I looked at Create, but have decided on the cheapest (with a good reputation) clinic for me, especially as the sperm there is only 100e (compared to £1585 at the Lister    )

GG - as JJ has said, sometimes there are 6 follies and only 4 eggs let's say OR sometimes there are 4 follies and 6 eggs!   

Lots of luck with decision making everyone - I feel relieved and a bit scared now I have made up my mind.  If this cycle doesn't work I will then just wait for my DE slot at Reprofit in May.  At least I will feel (I hope!!!) I gave my OE my best shot! 

Night 
GIA Tooxxx


----------



## greatgazza (May 27, 2010)

hi girls

Giatoo, I'm also considering minimal IVF with Reprofit and had an email back from Stepan over the weekend.  It does  cost 800e but i didn't ask about icsi or not and he didn't mention it either (do people think ICSi is the best way to go, I still don't know??) .....  he said i would need two boxes of clomid and 1 vial of pregnyl.  If clomid can cause lining issues is there an alternative?  I would like some stims in case they end up with nothing to work with.  As its natural/mimimal why would you need the contraceptive pill? is that so you can time things better?  Also what are the steroids for?  Is that for a particular issue you have?  And are you just going to take progesterone post tx to help aid implantation?
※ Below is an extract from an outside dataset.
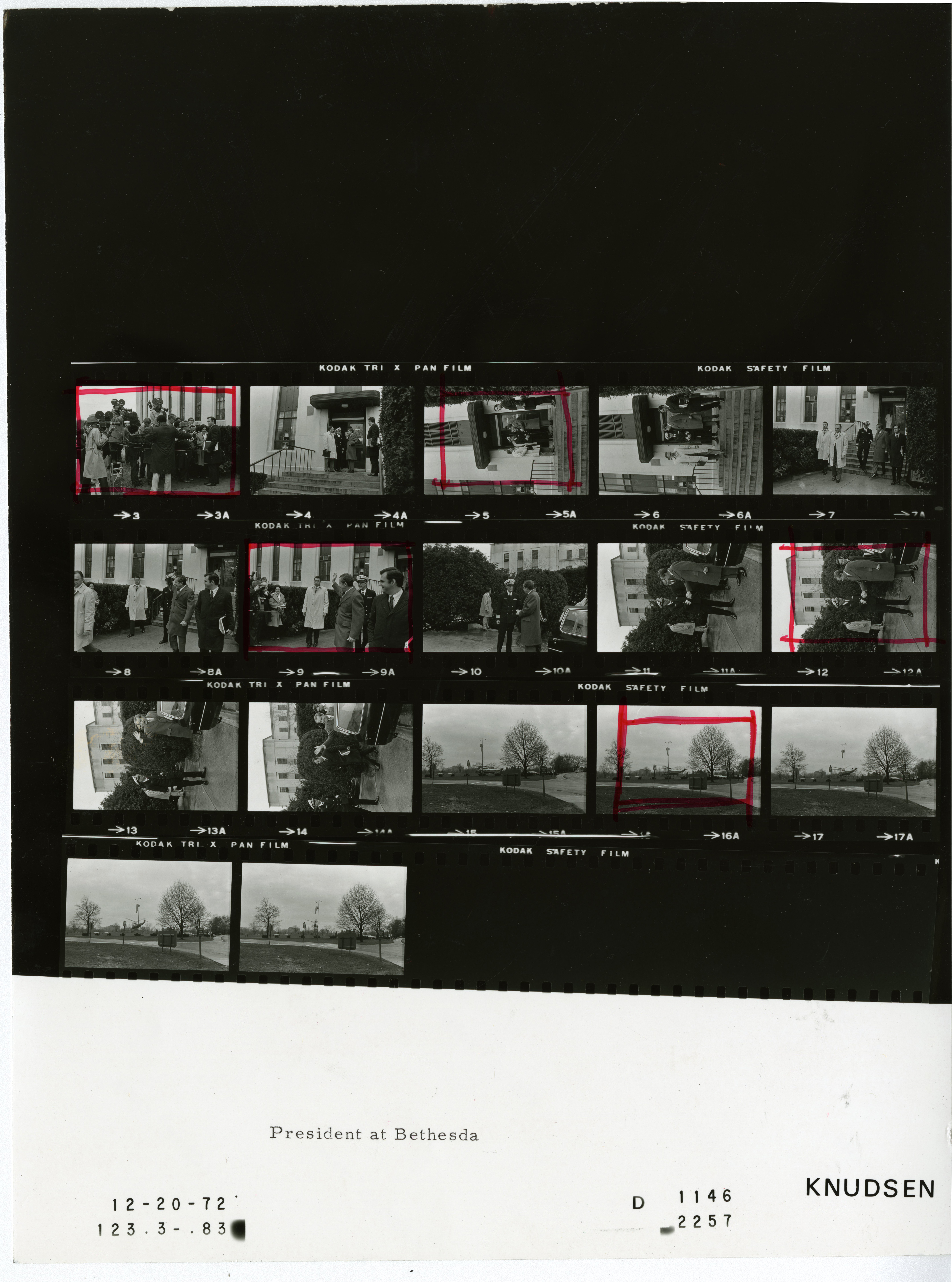 - Frame(s): WHPO-D1146-15-19, Marine One helicopter taking off from the heliport field at Bethesda Naval Hospital. 12/20/1972, Bethesda, Maryland helipad, Bethesda Naval Hospital. President Nixon, Maj. Gen. Dr. Walter R. Tkach, Rear Adm. Felix Ballenger, Ziegler, Helen Thomas, members of the press, aides.

God i can't believe it's so expensive at the lister. Madness.

I also want to try and have a tx before xmas but i am going to wait until after i have seen recurrent mc consultant on 4th November in case they find something they need to sort out.


----------



## Bethany915 (Aug 1, 2010)

Hi girls

GIA Too - well done on making your decision!  Sounds like you have a good plan in place - and another chance with your OEs   .  Are you going for ICSI because of any particular problems or did Reprofit recommend it for older eggs?  (I remember Maya7 told me she had ICSI because apparently older eggs can have harder shells which makes it more difficult for the sperm to penetrate - have you heard that?  Anyway, it worked for her!)

GG - good luck with your recurrent miscarriage appt.  Hope it helps you to decide the next step.

AFM, I have a CD12 scan tomorrow, with potential basting Friday.  And I am waiting for my DHEA to arrive to start my 4-month experiment   (it's taking ages to get here, I ordered it about 10 days ago - but I guess it is coming from the US...)

B xx


----------



## GIAToo (Nov 8, 2009)

Hi,

GG - gonna copy your questions so I can answer them all 

*Do people think ICSi is the best way to go, I still don't know??* - I have never had ICSI, I only mentioned it in case anyone needed it as at the Lister they charge an EXTRA £1300 for it! I have never needed it and I have heard that it can actually damage the eggs/embryos too so I would rather not have it. As for all these things it's different for everybody and everybody's experience is different, which is no help at all when you're trying to decide what's best for you! 
*If clomid can cause lining issues is there an alternative?* Yes, there is an alternative and it's called Femara and costs about the same as Clomid. There is another issue with Femara that I can't remember off the top of my head, which is why Drs tend to prefer Clomid, but I'll look it up and get back to you.
*As its natural/mimimal why would you need the contraceptive pill? *Stepan said I don't have to but......yes it is better for being able to time things esp with flights etc, so I think I might. My worry is that my ovaries get too relaxed!!
*Also what are the steroids for? Is that for a particular issue you have?* Yes, I have slightly raised NK cells.
*And are you just going to take progesterone post tx to help aid implantation?* Yes. Most people take it up to 12 weeks of pregnancy.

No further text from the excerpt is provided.